Uma nova opção em São Paulo os Pets, Padaria para cães



O cenário de alta competitividade no mercado para animais de estimação empurra novos empresários em direção a soluções cada vez mais criativas, para não dizer inusitadas entre produtos e serviços. Nesse sentido, ganha espaço uma nova tendência que busca adaptar para cães e gatos modalidades de consumo tipicamente humanas.
Atualmente, é possível encontrar no varejo variedades como panetones, muffin e sorvete para cães e gatos, com sabores de morango, chocolate e bacon. O objetivo, segundo os responsáveis pelas inovações, é o de gerar espanto para, em seguida, arregimentar o interesse do consumidor - além de garantir espaço na concorrida gôndola dos pet shops.
A perspectiva de atrair clientes curiosos foi a motivação por trás do investimento de Paulo Silva, que há dois anos investiu R$ 500 mil para adquirir uma marca de sorvetes para animais de estimação, a Ice Pet. A empresa tinha sido lançada há alguns anos antes por duas veterinárias paulistas, mas o negócio não emplacava por causa dos custos operacionais da iniciativa: era preciso investir em geladeiras para colocar os produtos nos pet shops.
Capitalizado, Silva assumiu a empresa e comprou duas centenas de geladeiras, o que rapidamente multiplicou a presença dos sorvetes nas lojas. "Quando eu assumi, tínhamos dois clientes e, um deles, logo encerrou o contrato", lembra Silva, que no ano passado desenvolveu uma versão do Ice Pet na forma líquida. "O cliente compra o produto em sachês e, em casa, coloca no freezer. É uma forma de ganhar escala e diminuir a dependência com as geladeiras." Segundo ele, a marca já está em 1 mil pontos de venda e, em 2013, faturou R$ 600 mil.

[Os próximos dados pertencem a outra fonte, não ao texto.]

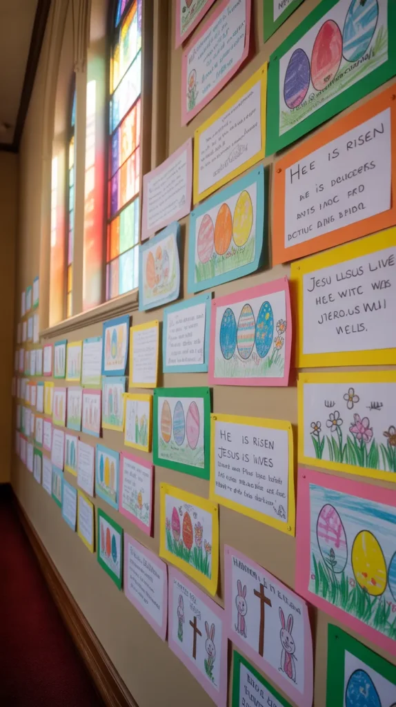 Dedicate one wall to children’s Easter drawings and Bible verses. This adds heart and personality while keeping decorating costs near zero.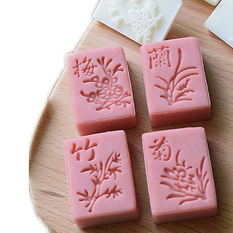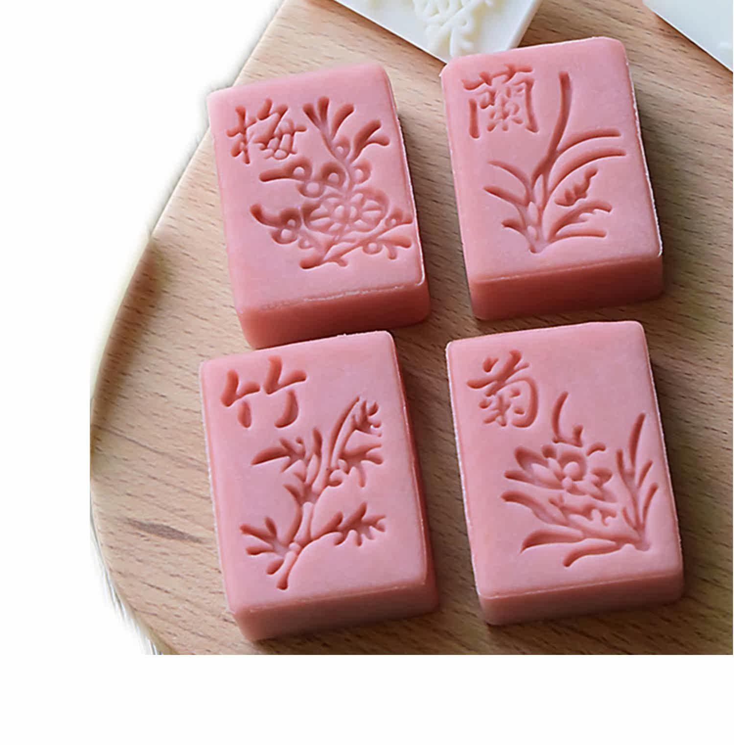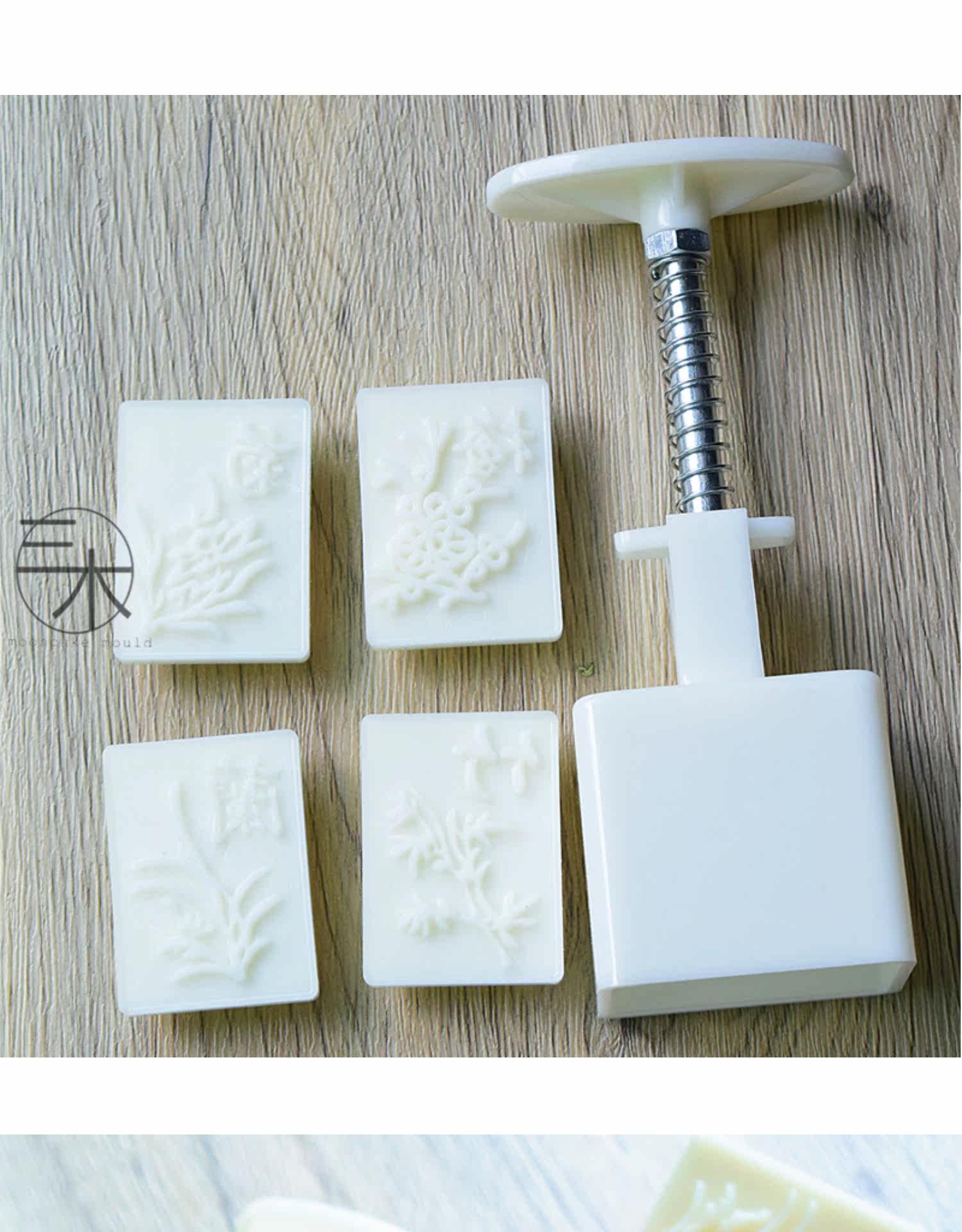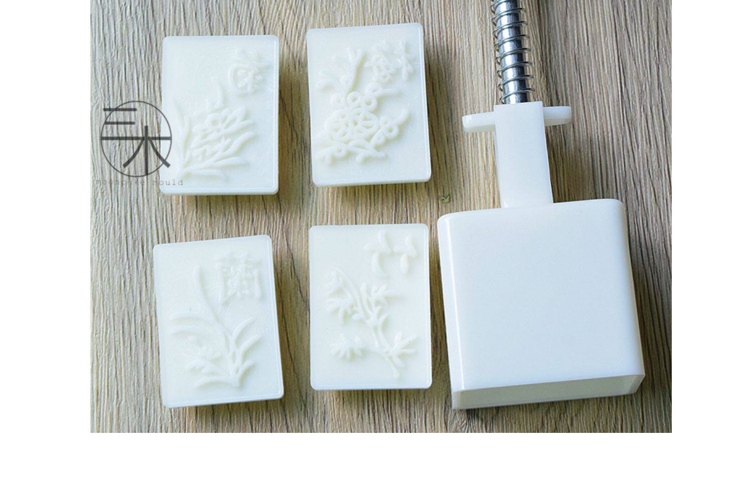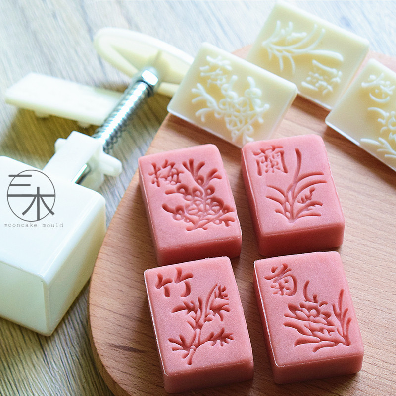 Санмуджия для плесени Квадратная слива, орхидея, бамбук и хризантема, национальный стиль тренда вручную плесень лунного пирога 40 грамм, домашнее благословение, богатство, долголетие

Antes de comprar a marca de sorvete, no entanto, Silva já havia empreendido no ramo, com quatro pet shops. "Eu vendi as lojas para me concentrar em outro negócio. Mas antes de retornar ao mercado, eu sabia que era preciso ter uma proposta diferente para crescer", conta.
Outro que se diz sem concorrentes, pelo menos por hora, é o ex-cabeleireiro Alessandro Padilha. Ele acaba de inaugurar no bairro do Tatuapé uma padaria para cães e gatos, a Gold Gourmet Pet. Padilha colocou R$ 80 mil no projeto que desenvolve há pelo menos um ano. "Era um sonho antigo meu", conta o empreendedor, que diz ter se guiado mais pelo coração do que, de fato, pelo marketing. "Sempre me incomodei com a situação dos cães que comem apenas ração. Imagina você comer arroz e feijão todos os dias, até o fim da sua vida? Eu queria lançar algo natural para os animais e saí pelo mercado vendo o que já existia nesse sentido", relembra Padilha.
Com a ajuda de uma especialista em nutrição animal, ele desenvolveu uma série de receitas - de muffin a biscoitos e tortas salgadas - que ele vende por R$ 4,50 na padaria. "Estou esperando a autorização do Ministério da Agricultura para começar a vender receitas congeladas, que entram em substituição à ração", diz Padilha.
Opinião
Para Tales Andreassi, que é coordenador do Centro de Empreendedorismo e Novos Negócios da Fundação Getulio Vargas, o mercado de animais de estimação tem espaço para inovações, sobretudo na área de produtos e serviços.
O especialista, contudo, faz uma ressalva quanto à tendência de adaptar hábitos de consumo humanos. "Nem tudo é viável. Algumas ideias eu acho que até podem se tornar uma moda e obter certo sucesso. Mas, depois, isso pode perder força. É preciso avaliar muito bem o negócio antes", conta. As informações são do jornal O Estado de S. Paulo.